**The data**:
⁂

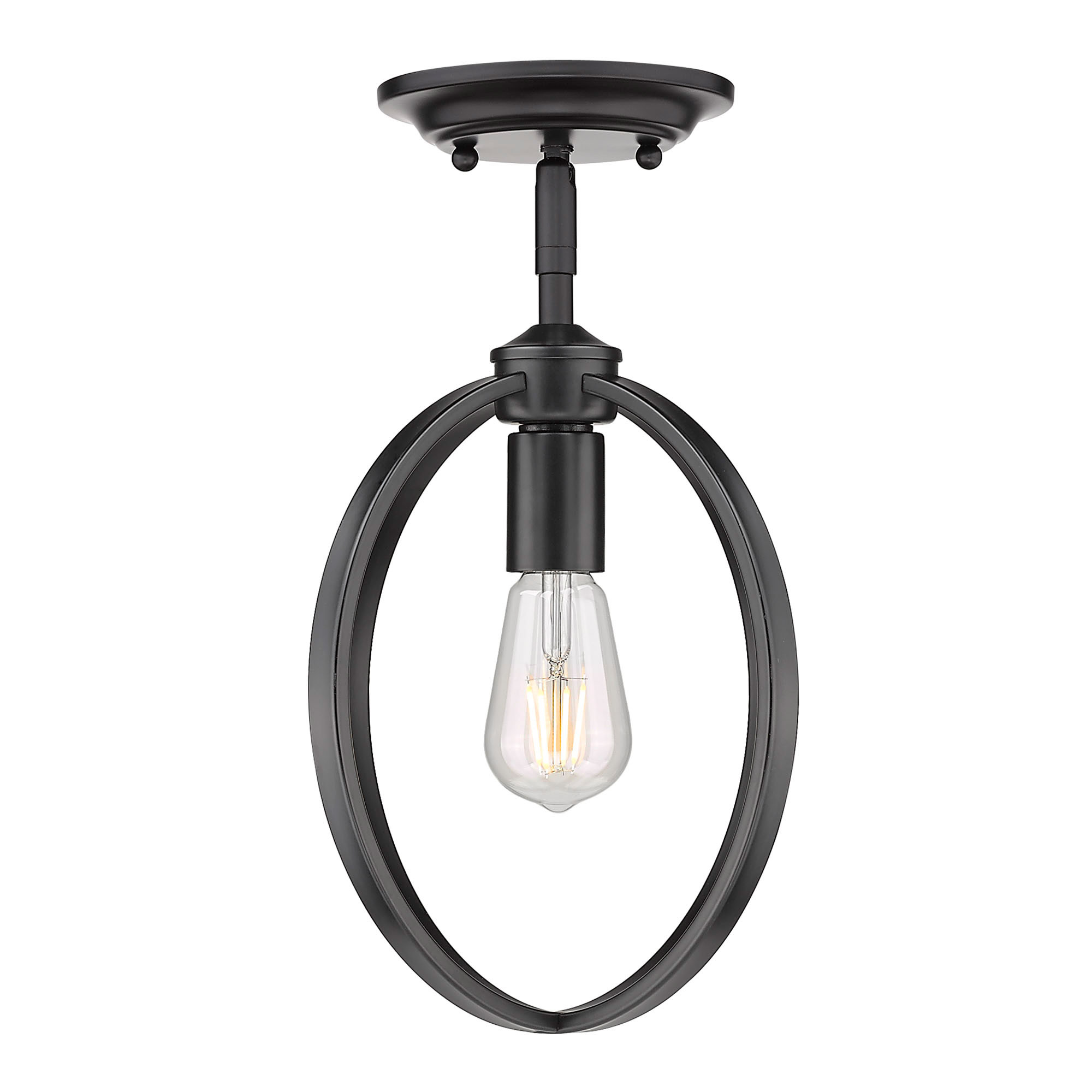 Item DescriptionThis collection is a transitional and industrial-chic design. Ideal for lofts, farmhouses and contemporary interiors, curvaceous arms sit inside simple round frames. The collection offers an extensive line of ceiling fixtures. The optional shades shield the exposed bulb of these elemental fixtures. This 1-Light fixture is damp rated and may be mounted close-to-ceiling.Features:
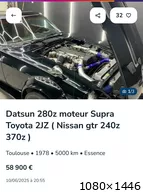 @caraddict Ça c'est pour toi, une petite Datsun avec un 2JZ Https://www.leboncoin.fr/ad/voitures/3005216940 (Datsun 280z moteur Supra Toyota 2JZ ( Nissan gtr 240z 370z ) - Voitures) Description Vends Nissan/Datsun Fairlady 280Z unique Prépa Moteur et boîte Toyota supra 2jz bi turbo par CXRACING aux usa Kit large Pneus semi slick neufs PROXXES Jantes Equip 40 Amortisseurs et freins neufs Triangles réglables neufs Géométrie complète effectuée Plus de 30ke de pièces : Embrayage renforce stage 4 exedy Admission sur mesure Gros intercooler greddy Dymp valve forge Ligne Echappement sur mesure Suspension réglable Freinage brembo Pompe à essence renforcée walbro Etc…. Ct ok Dors dans garage avec maintien batterie Donne système de réglage des turbo hks Kit complet de joint neufs Carte grise collection à mon nom 330cv à 0,8bars ( actuel ) 600cv à 1,5bars Marche déjà très très fort au vu du poids très léger Ce n’est pas un 240z à 40-50k euros , les 280z démarrent à 50k euros c’est donc un très bon prix car vente pour projet Immo . Échange possible |
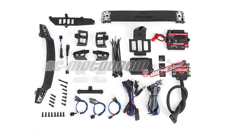 Entwickelt von Traxxas für den direkten Sitz am TRX-4 Sport-Körper mit ordentlicher und sicherer Kabelführung Farbcodierter Stromverteilerblock für einfache und sichere Verbindungen Inklusive Frontgrill und Heckklappe mit integrierten Gläsern Traxxas LED-Beleuchtungsmodul
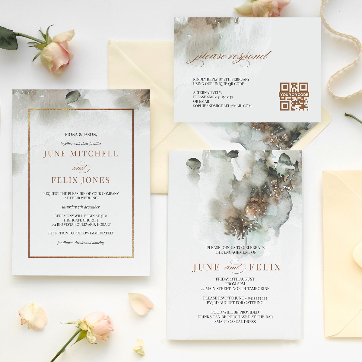 Created by the Paper Divas team of designers, your Engagement Invitations will be printed on your choice of luxe paper and sure to set the tone for your Engagement celebration. A soft watercolour wash with modern typography lends a sophisticated and luxe vibe for your celebration.
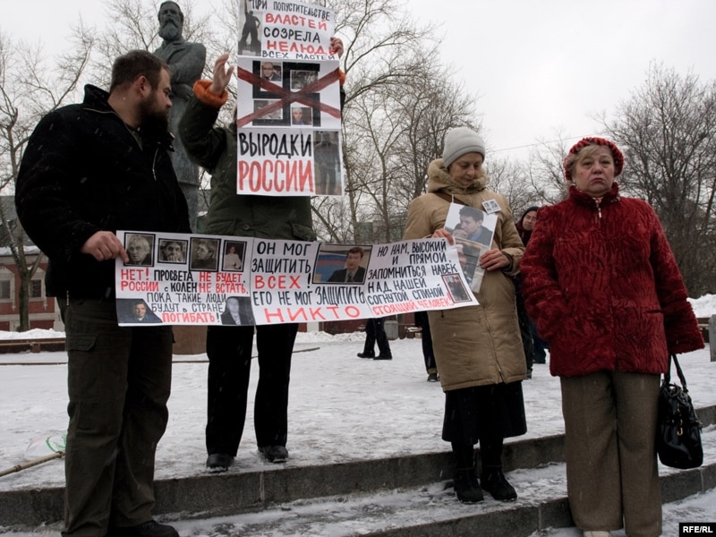 В Москве пикет оказался более многолюдным. Около сотни человек пришли к боярским палатам на Пречистенке, поскольку выстрелы прозвучали именно здесь. На древнюю каменную кладку устанавливали поминальные свечи, сюда же клали цветы, фотографии погибших и плакаты.
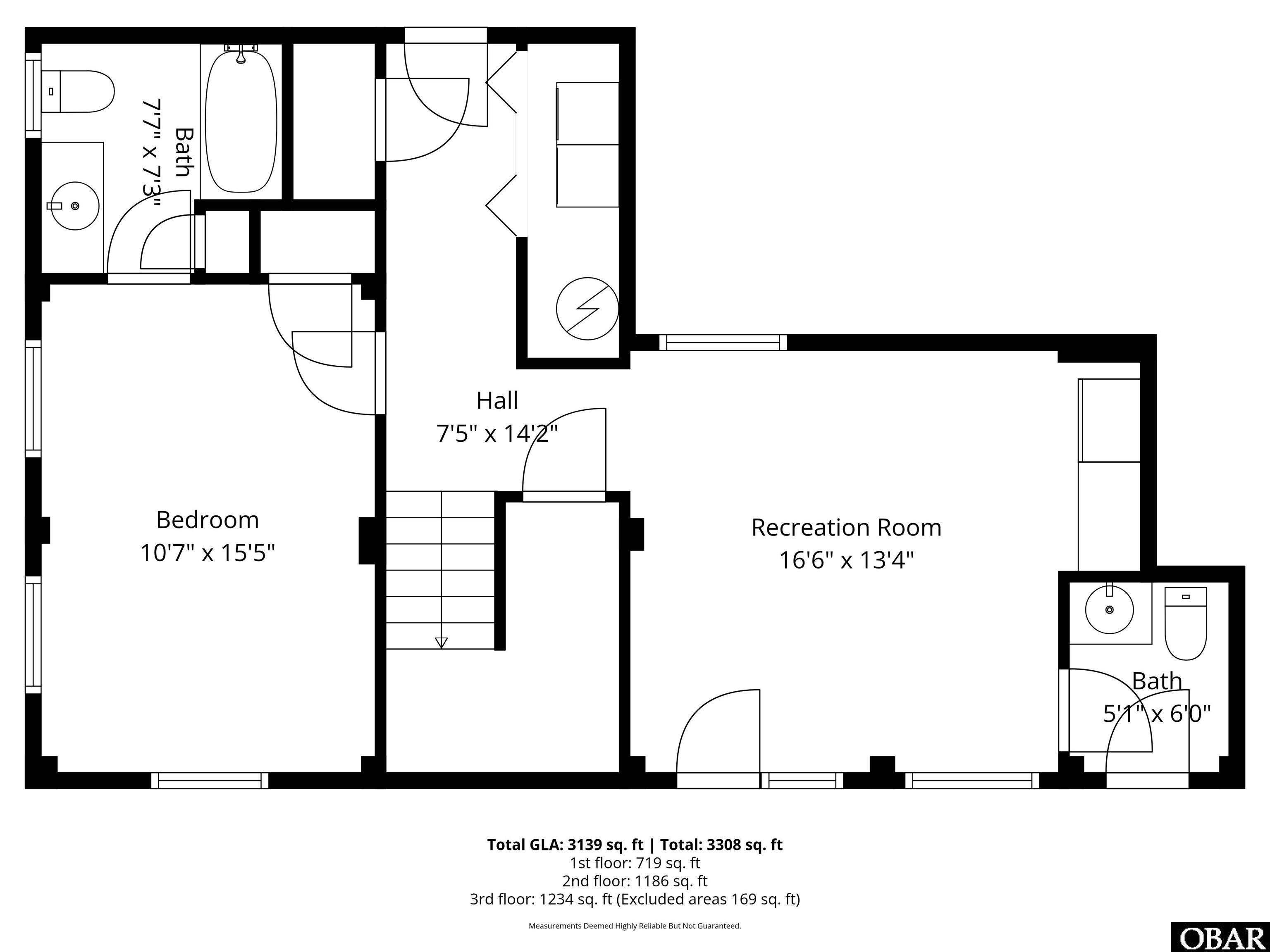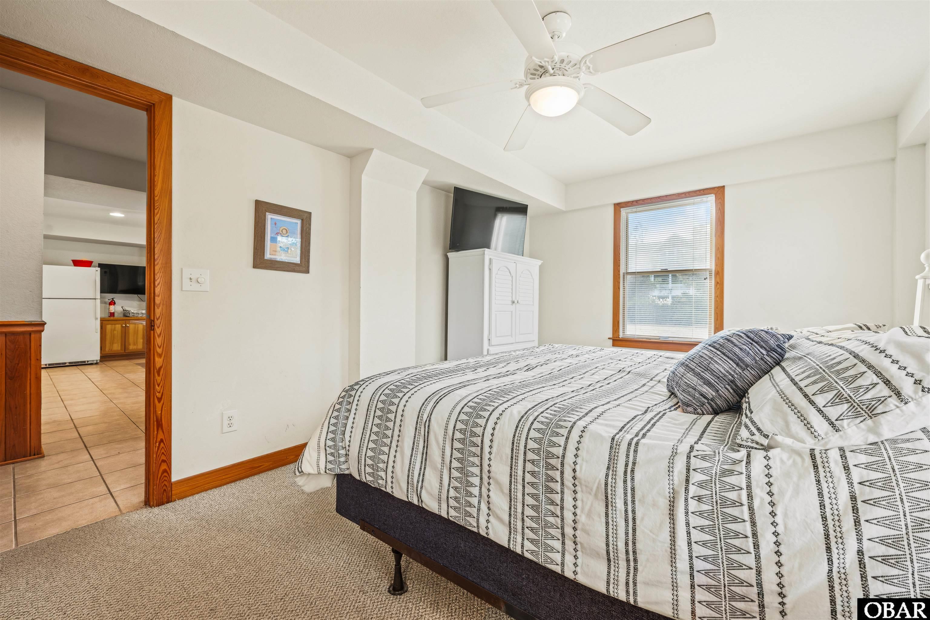 The top level is the heart of the home, featuring a spacious great room filled with natural light and expansive windows that capture ocean views. The open-concept living, dining, and kitchen areas flow seamlessly together—ideal for entertaining or simply relaxing after a day at the beach. A private king ensuite on this level provides a peaceful retreat with added convenience.
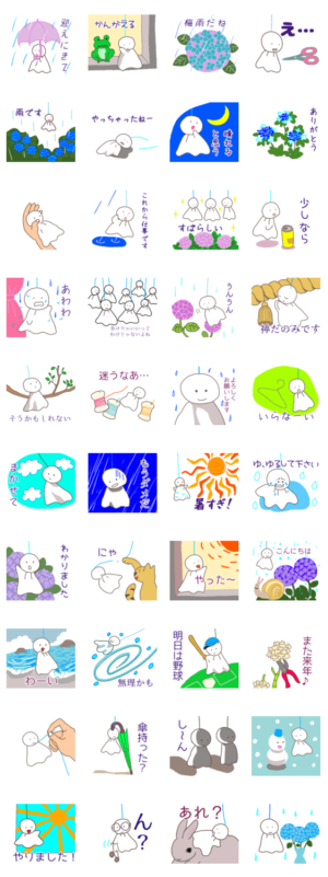 雨の日を楽しむ、てるてるぼうずと紫陽花のスタンプです。梅雨や天気、傘、あじさい、カエル、カタツムリなど。かわいいてるてる坊主の癒しスタンプです。

⁂

**Exercise description**: Retype the records above exactly. Leave the pictures out.

**Answer below**:
 Item DescriptionThis collection is a transitional and industrial-chic design. Ideal for lofts, farmhouses and contemporary interiors, curvaceous arms sit inside simple round frames. The collection offers an extensive line of ceiling fixtures. The optional shades shield the exposed bulb of these elemental fixtures. This 1-Light fixture is damp rated and may be mounted close-to-ceiling.Features:
 @caraddict Ça c'est pour toi, une petite Datsun avec un 2JZ Https://www.leboncoin.fr/ad/voitures/3005216940 (Datsun 280z moteur Supra Toyota 2JZ ( Nissan gtr 240z 370z ) - Voitures) Description Vends Nissan/Datsun Fairlady 280Z unique Prépa Moteur et boîte Toyota supra 2jz bi turbo par CXRACING aux usa Kit large Pneus semi slick neufs PROXXES Jantes Equip 40 Amortisseurs et freins neufs Triangles réglables neufs Géométrie complète effectuée Plus de 30ke de pièces : Embrayage renforce stage 4 exedy Admission sur mesure Gros intercooler greddy Dymp valve forge Ligne Echappement sur mesure Suspension réglable Freinage brembo Pompe à essence renforcée walbro Etc…. Ct ok Dors dans garage avec maintien batterie Donne système de réglage des turbo hks Kit complet de joint neufs Carte grise collection à mon nom 330cv à 0,8bars ( actuel ) 600cv à 1,5bars Marche déjà très très fort au vu du poids très léger Ce n’est pas un 240z à 40-50k euros , les 280z démarrent à 50k euros c’est donc un très bon prix car vente pour projet Immo . Échange possible |
 Entwickelt von Traxxas für den direkten Sitz am TRX-4 Sport-Körper mit ordentlicher und sicherer Kabelführung Farbcodierter Stromverteilerblock für einfache und sichere Verbindungen Inklusive Frontgrill und Heckklappe mit integrierten Gläsern Traxxas LED-Beleuchtungsmodul
 Created by the Paper Divas team of designers, your Engagement Invitations will be printed on your choice of luxe paper and sure to set the tone for your Engagement celebration. A soft watercolour wash with modern typography lends a sophisticated and luxe vibe for your celebration.
 В Москве пикет оказался более многолюдным. Около сотни человек пришли к боярским палатам на Пречистенке, поскольку выстрелы прозвучали именно здесь. На древнюю каменную кладку устанавливали поминальные свечи, сюда же клали цветы, фотографии погибших и плакаты.
 The top level is the heart of the home, featuring a spacious great room filled with natural light and expansive windows that capture ocean views. The open-concept living, dining, and kitchen areas flow seamlessly together—ideal for entertaining or simply relaxing after a day at the beach. A private king ensuite on this level provides a peaceful retreat with added convenience.
 雨の日を楽しむ、てるてるぼうずと紫陽花のスタンプです。梅雨や天気、傘、あじさい、カエル、カタツムリなど。かわいいてるてる坊主の癒しスタンプです。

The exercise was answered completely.